The Moon is our pale guardian, fascinating us with eclipses, controlling our tides and even helping to generate our planet’s magnetic field. Today, it’s a dead sphere, one that just sits up there, tidally locked to Earth, unchanging. Its past, however, was far more dramatic.
Not only was it once an active volcanic object, but as a new paper published on arXiv has revealed, it also likely had a metallic atmosphere as thick as Mars’ is today. Unfortunately, the glowing embers of the early Earth ended up blasting it away into deep space, leaving us with the atmosphere-lacking Moon we see today.
Once upon a time – 4.5 billion years ago, in fact – the Earth was nothing like it is today. It had just begun to form, and its intense primordial heat ensured that it was a massive molten ball. Around this time, an object roughly the size of Mars impacted the magma-covered world and flung a decent chunk of this material out into space. Eventually, this material coalesced in an orbit around Earth and formed the Moon.
After cooling began to properly kick in, very primitive atmospheres would have formed over these two objects. A team of scientists at NASA’s Goddard Spaceflight Center wanted to know what the Moon’s might have been like, and how the intense radiation of the early Earth may have influenced its creation and destruction.
Back then, Earth’s surface was still around 2,000°C (3,632°F), and would have glowed like an ember at the bottom of a fire pit. The Moon then was around 15-20 times closer to Earth than it is today, which means that all this thermal radiation would have had quite the effect on it.

Using cutting-edge computer simulations, the study revealed that metallic elements in the Moon’s magmatic ocean would have been vaporized by the Earth’s intense heat, causing them to rise up and form an atmosphere. It would have been just 10 percent of the thickness (and pressure) of Earth’s, but for the Moon, that’s pretty thick.
Interestingly, the side of the Moon facing the Earth would have been far hotter (1,700°C/3,092°F) than the other side (-150°C/-238°F). This temperature differential would have caused winds with speeds of over a kilometer (0.62 miles) per second to rush from one side to the other, peppered with metallic elements – particularly sodium and silicon oxides.
When the winds approached the dividing line between the hot and cold hemisphere, all these metallic elements would have condensed out and fallen as snow.
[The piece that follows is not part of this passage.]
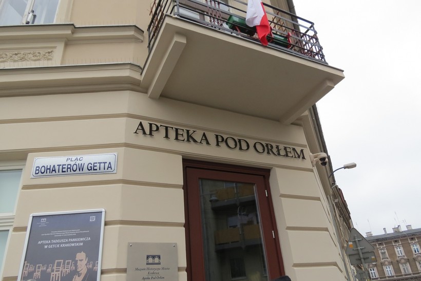 Когда я была на площади Героев Гетто в Кракове, не могла не зайти в знаменитую Аптеку под Орлом. Неприметное заведение на нижнем этаже одного из зданий, окружающих площадь. Если не знать предысторию, то можно и вовсе пройти мимо. Однако аптека заслуживает отдельного внимания.

Weirdly, as the Moon began to tidally lock itself to Earth – meaning that just one side faced the planet – the atmosphere would have become asymmetrical. Only the Earth-side would have had the chance to see this strange atmosphere accumulate, with the majority of the far side remaining atmospherically barren, so to speak.
After about 1,000 years post-formation, the Moon’s liquid magma ocean would have largely cooled and about 70 to 80 percent of it would have crusted over. The study explains that this would have led to the formation of massive "rockbergs" of volcanic minerals that would have floated atop the remaining pools like bizarre icebergs.
Without a source of vaporized metals, the atmosphere would have collapsed, and the embers of Earth would have blown away the remaining gaseous envelope into space.
The Moon is likely not unique in this sense. The authors of the study note that "such an atmosphere may also be a cousin to atmospheres expected on some of the most close-in and heated rocky exoplanets."